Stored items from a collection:
*****

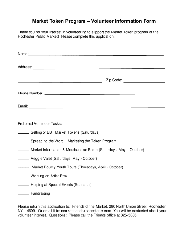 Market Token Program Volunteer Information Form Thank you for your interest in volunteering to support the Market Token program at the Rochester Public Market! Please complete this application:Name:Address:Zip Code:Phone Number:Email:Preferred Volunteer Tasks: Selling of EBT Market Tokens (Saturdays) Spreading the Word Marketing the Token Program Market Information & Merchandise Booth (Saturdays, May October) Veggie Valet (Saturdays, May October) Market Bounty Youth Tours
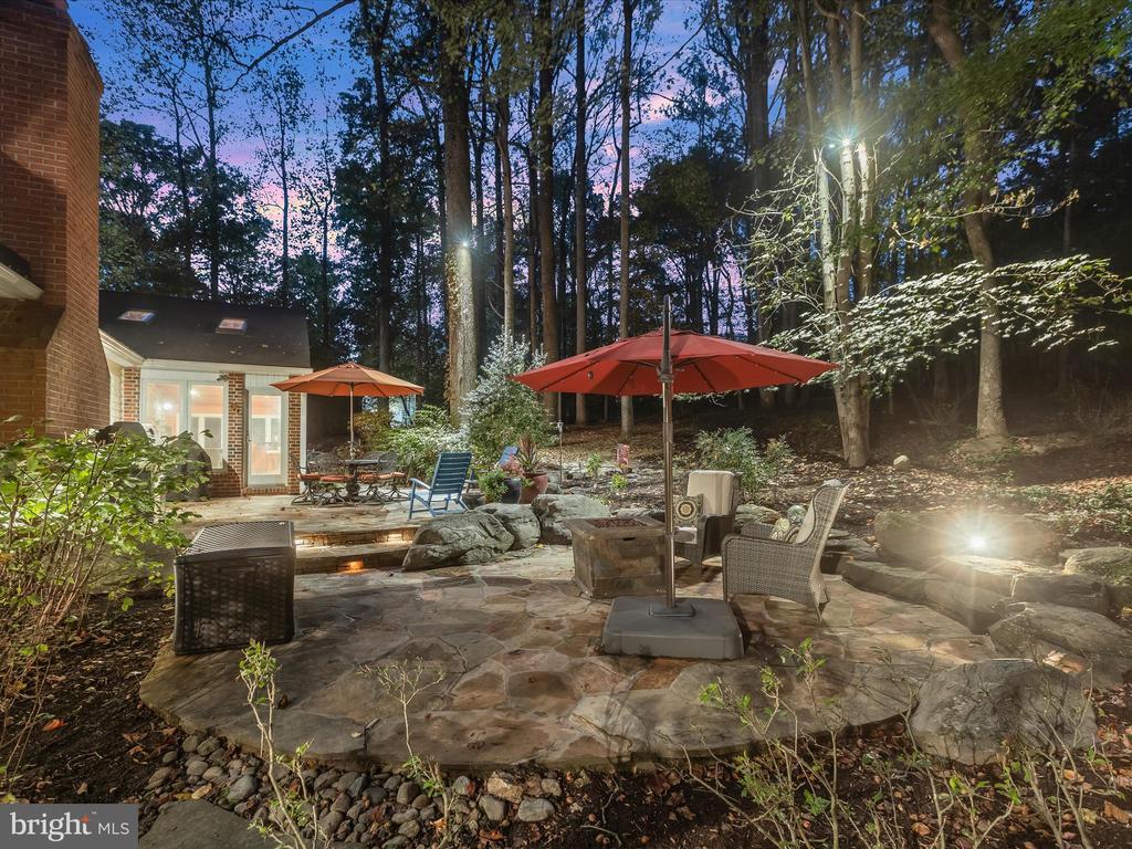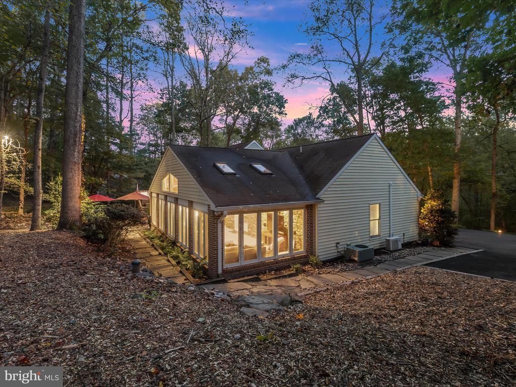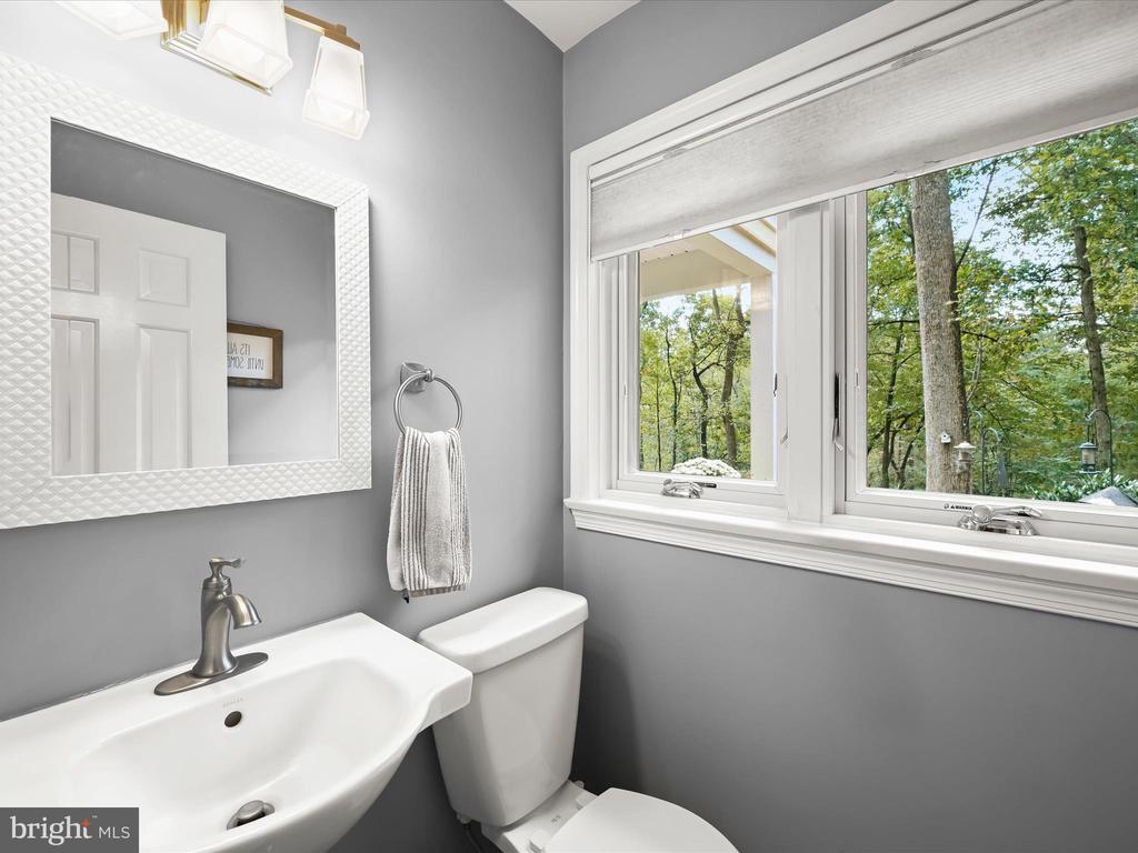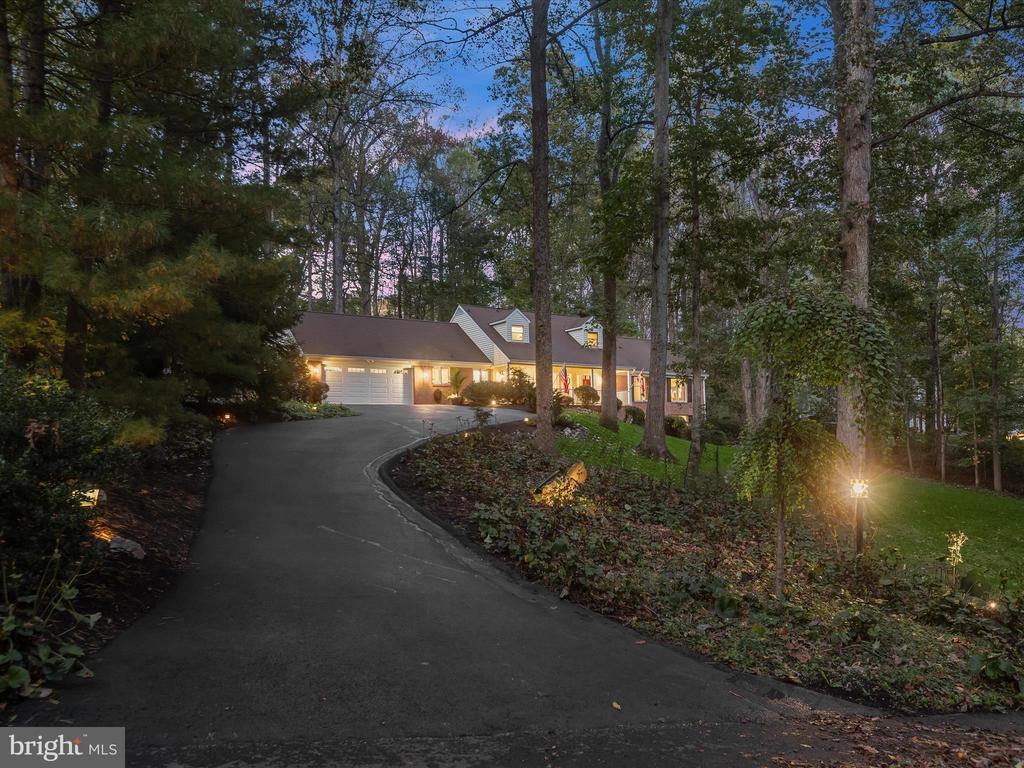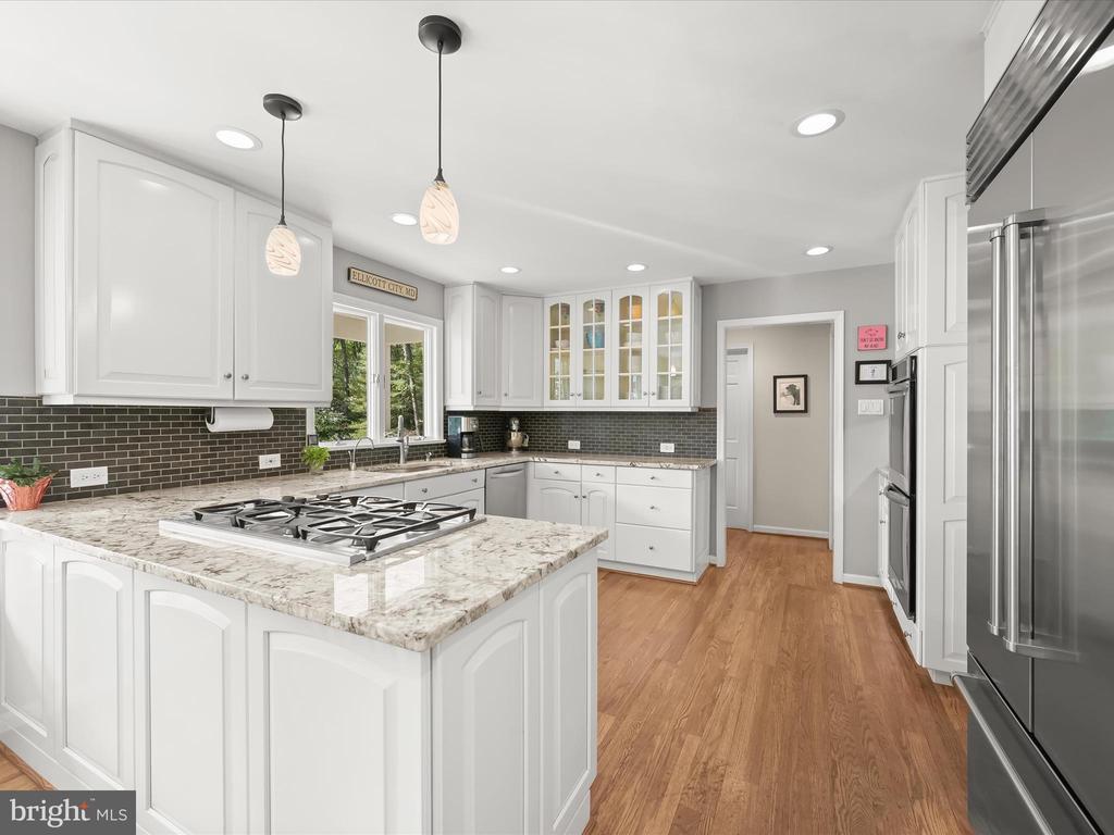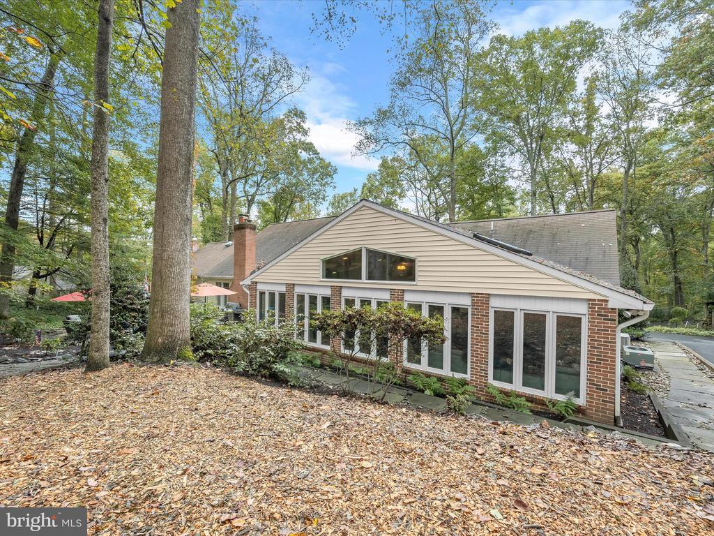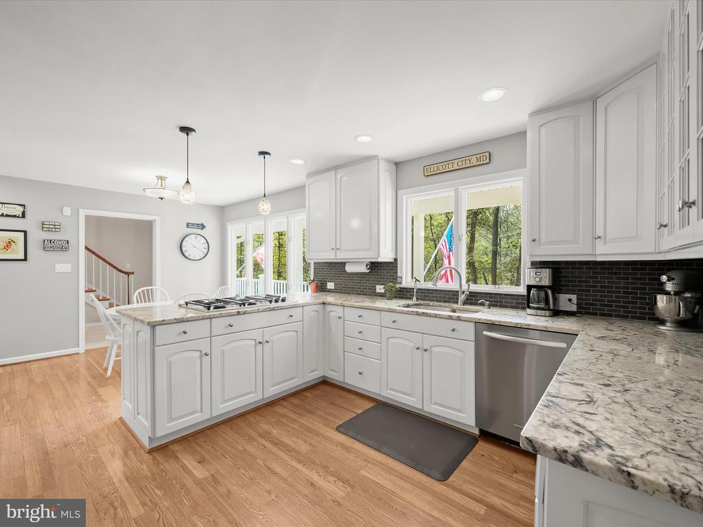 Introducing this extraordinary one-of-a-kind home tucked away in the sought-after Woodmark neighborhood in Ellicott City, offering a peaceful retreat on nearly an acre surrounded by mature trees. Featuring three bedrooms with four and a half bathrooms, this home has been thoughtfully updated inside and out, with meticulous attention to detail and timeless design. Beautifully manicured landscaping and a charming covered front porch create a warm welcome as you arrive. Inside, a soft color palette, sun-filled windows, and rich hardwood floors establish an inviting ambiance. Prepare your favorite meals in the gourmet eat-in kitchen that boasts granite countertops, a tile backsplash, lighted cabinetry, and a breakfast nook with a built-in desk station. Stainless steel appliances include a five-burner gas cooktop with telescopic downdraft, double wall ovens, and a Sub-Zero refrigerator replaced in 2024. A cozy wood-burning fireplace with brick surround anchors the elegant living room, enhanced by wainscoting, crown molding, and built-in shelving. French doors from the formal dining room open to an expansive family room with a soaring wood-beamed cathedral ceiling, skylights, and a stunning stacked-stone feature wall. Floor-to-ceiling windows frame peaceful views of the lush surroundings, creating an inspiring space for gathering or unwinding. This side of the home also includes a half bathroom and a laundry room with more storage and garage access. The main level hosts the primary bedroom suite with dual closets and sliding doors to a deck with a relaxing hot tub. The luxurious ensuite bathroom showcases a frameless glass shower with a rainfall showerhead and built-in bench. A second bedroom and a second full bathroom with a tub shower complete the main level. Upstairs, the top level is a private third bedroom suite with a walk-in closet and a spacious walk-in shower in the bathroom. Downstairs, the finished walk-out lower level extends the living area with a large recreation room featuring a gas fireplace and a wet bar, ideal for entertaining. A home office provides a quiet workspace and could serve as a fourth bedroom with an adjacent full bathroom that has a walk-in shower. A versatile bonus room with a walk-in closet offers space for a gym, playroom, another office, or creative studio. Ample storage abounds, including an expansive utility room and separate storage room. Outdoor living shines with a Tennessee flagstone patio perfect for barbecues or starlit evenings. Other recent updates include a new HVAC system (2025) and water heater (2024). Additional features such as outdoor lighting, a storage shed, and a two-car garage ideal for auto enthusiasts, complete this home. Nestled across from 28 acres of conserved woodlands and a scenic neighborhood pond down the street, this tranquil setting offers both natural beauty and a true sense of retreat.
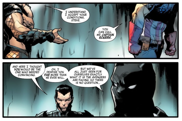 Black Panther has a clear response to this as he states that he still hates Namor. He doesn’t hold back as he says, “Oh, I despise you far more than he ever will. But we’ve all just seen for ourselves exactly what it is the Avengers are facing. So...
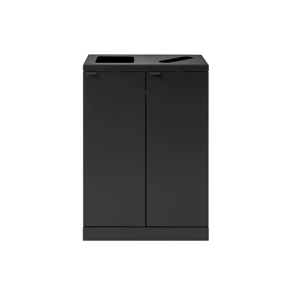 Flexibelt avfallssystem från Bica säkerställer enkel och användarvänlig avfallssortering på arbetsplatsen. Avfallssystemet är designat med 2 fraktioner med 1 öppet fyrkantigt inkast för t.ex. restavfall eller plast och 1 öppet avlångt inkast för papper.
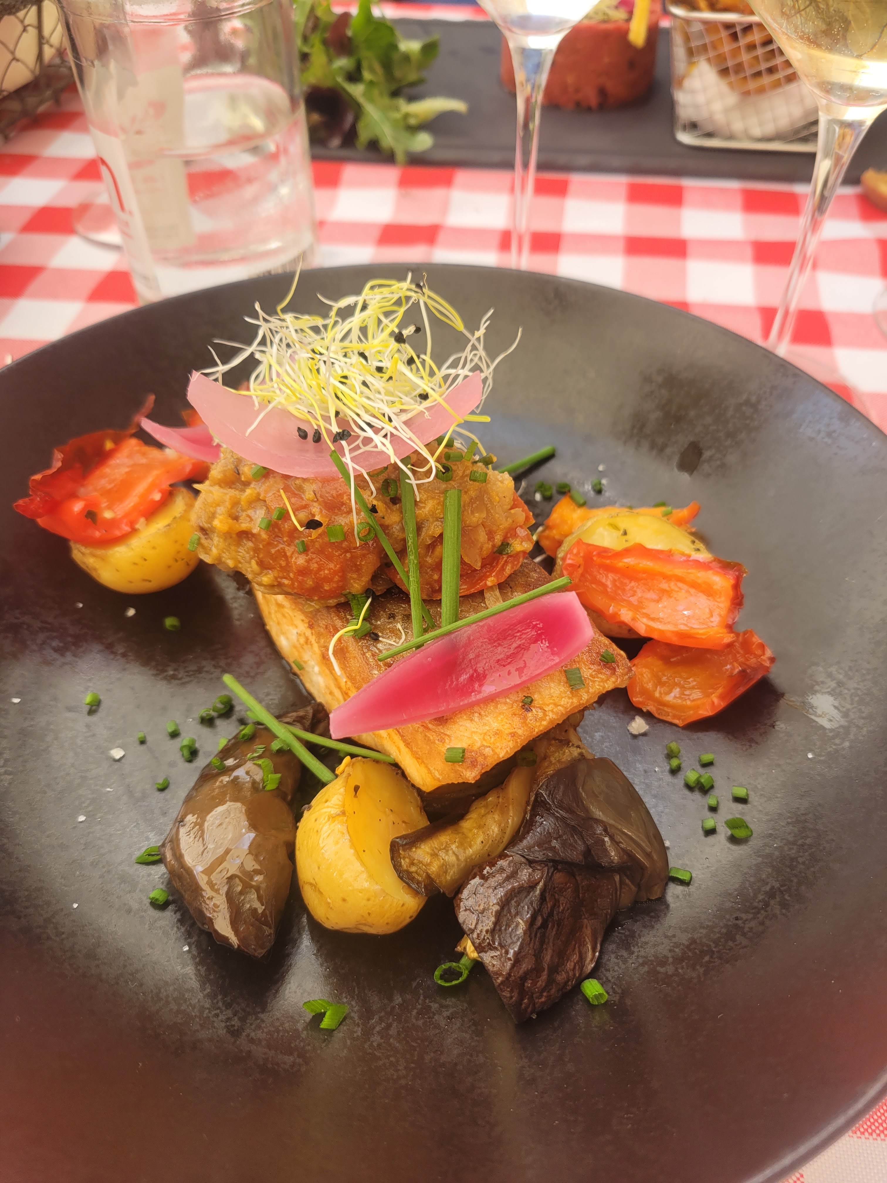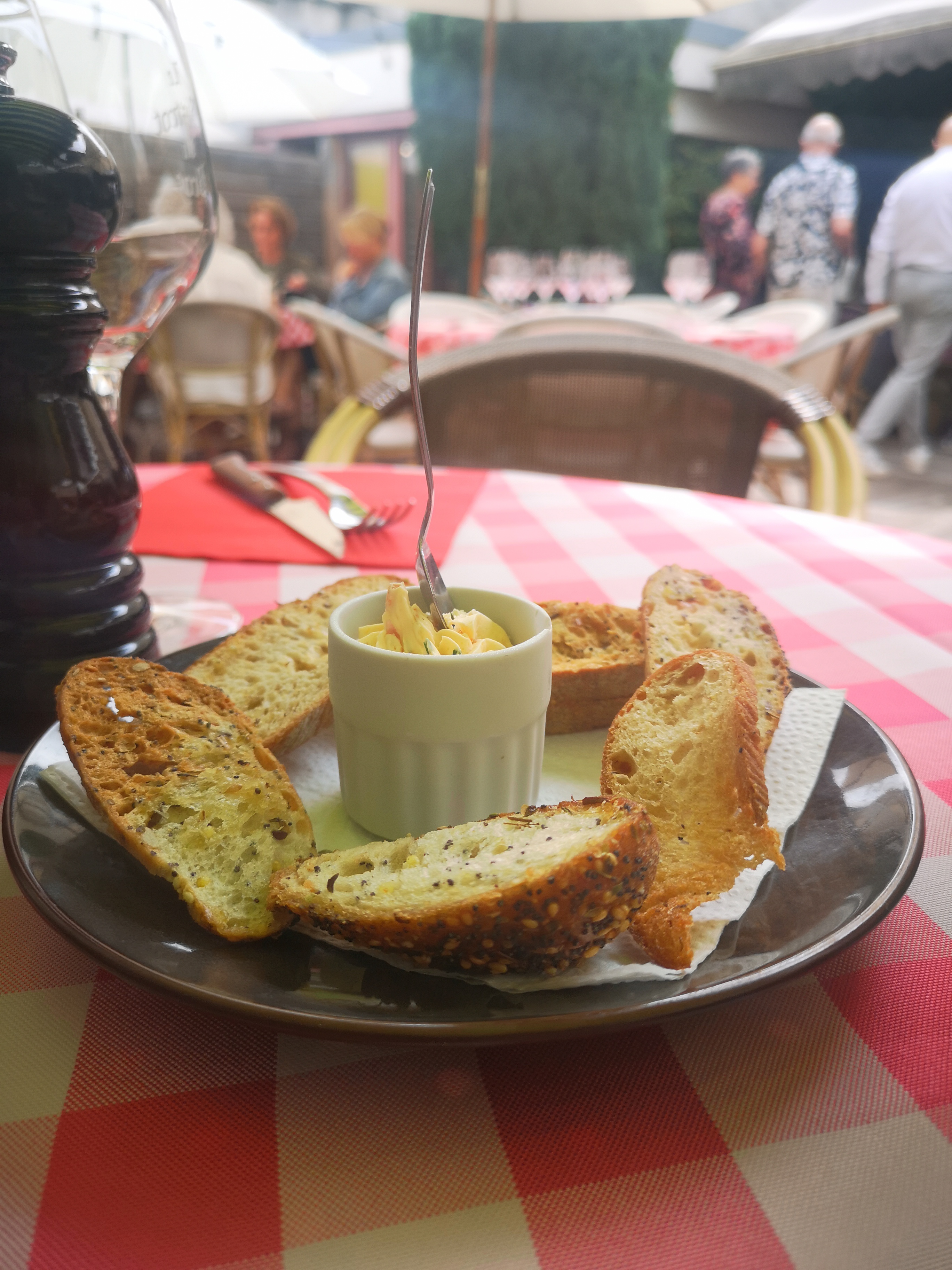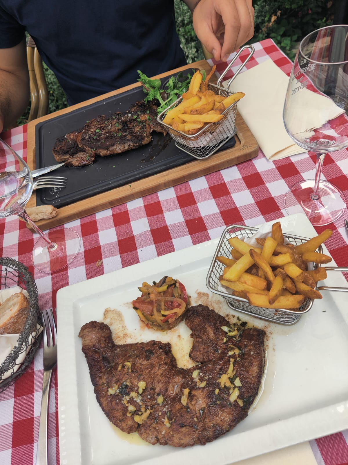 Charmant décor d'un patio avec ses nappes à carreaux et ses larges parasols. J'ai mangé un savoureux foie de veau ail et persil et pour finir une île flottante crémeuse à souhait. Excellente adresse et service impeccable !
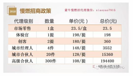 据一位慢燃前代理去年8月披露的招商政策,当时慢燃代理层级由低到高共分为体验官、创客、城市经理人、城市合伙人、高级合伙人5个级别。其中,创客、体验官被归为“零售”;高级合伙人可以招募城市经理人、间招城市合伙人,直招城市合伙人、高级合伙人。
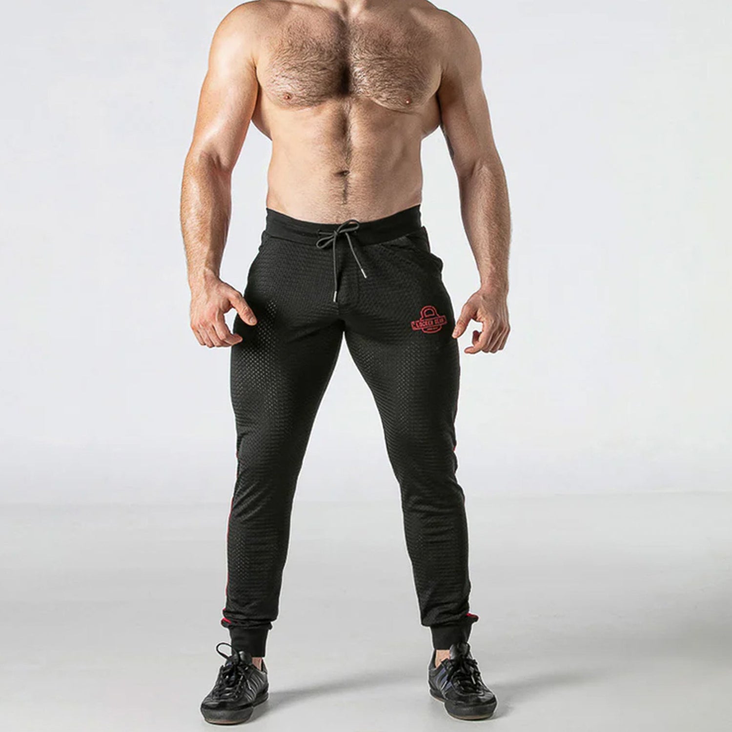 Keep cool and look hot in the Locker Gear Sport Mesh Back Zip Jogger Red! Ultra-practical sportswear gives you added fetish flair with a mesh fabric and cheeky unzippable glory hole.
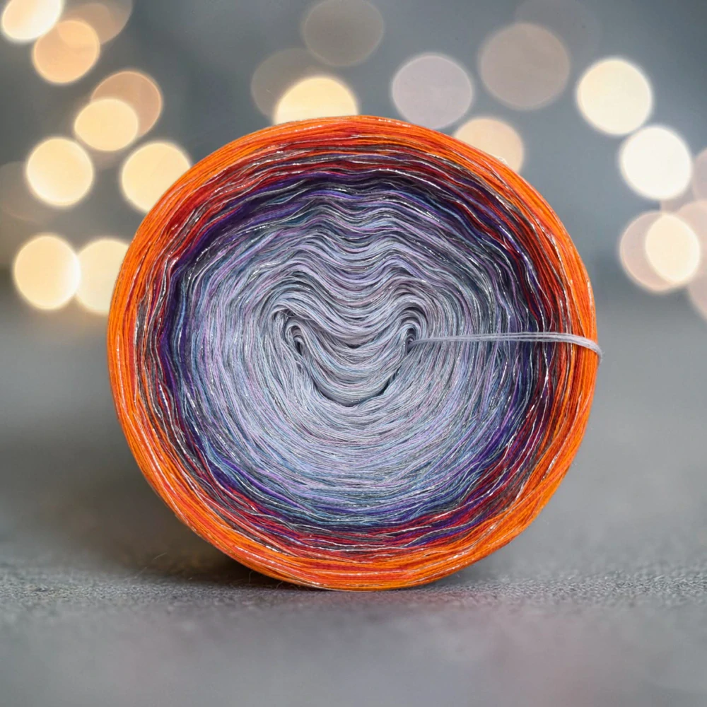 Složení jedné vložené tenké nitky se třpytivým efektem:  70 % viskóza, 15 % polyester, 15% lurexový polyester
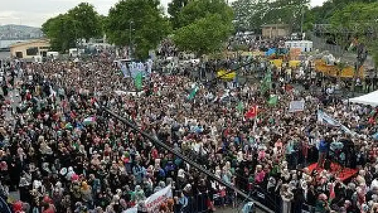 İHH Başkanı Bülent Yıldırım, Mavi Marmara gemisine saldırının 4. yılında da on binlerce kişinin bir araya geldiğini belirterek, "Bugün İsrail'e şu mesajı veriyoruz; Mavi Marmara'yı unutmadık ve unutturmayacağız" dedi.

*****

# Activity
The lines to copy run from the line containing "据一位慢燃前代理去年8月披露" through the end of the data above; copy exactly those, minus the pictures.

# The completed task
 据一位慢燃前代理去年8月披露的招商政策,当时慢燃代理层级由低到高共分为体验官、创客、城市经理人、城市合伙人、高级合伙人5个级别。其中,创客、体验官被归为“零售”;高级合伙人可以招募城市经理人、间招城市合伙人,直招城市合伙人、高级合伙人。
 Keep cool and look hot in the Locker Gear Sport Mesh Back Zip Jogger Red! Ultra-practical sportswear gives you added fetish flair with a mesh fabric and cheeky unzippable glory hole.
 Složení jedné vložené tenké nitky se třpytivým efektem:  70 % viskóza, 15 % polyester, 15% lurexový polyester
 İHH Başkanı Bülent Yıldırım, Mavi Marmara gemisine saldırının 4. yılında da on binlerce kişinin bir araya geldiğini belirterek, "Bugün İsrail'e şu mesajı veriyoruz; Mavi Marmara'yı unutmadık ve unutturmayacağız" dedi.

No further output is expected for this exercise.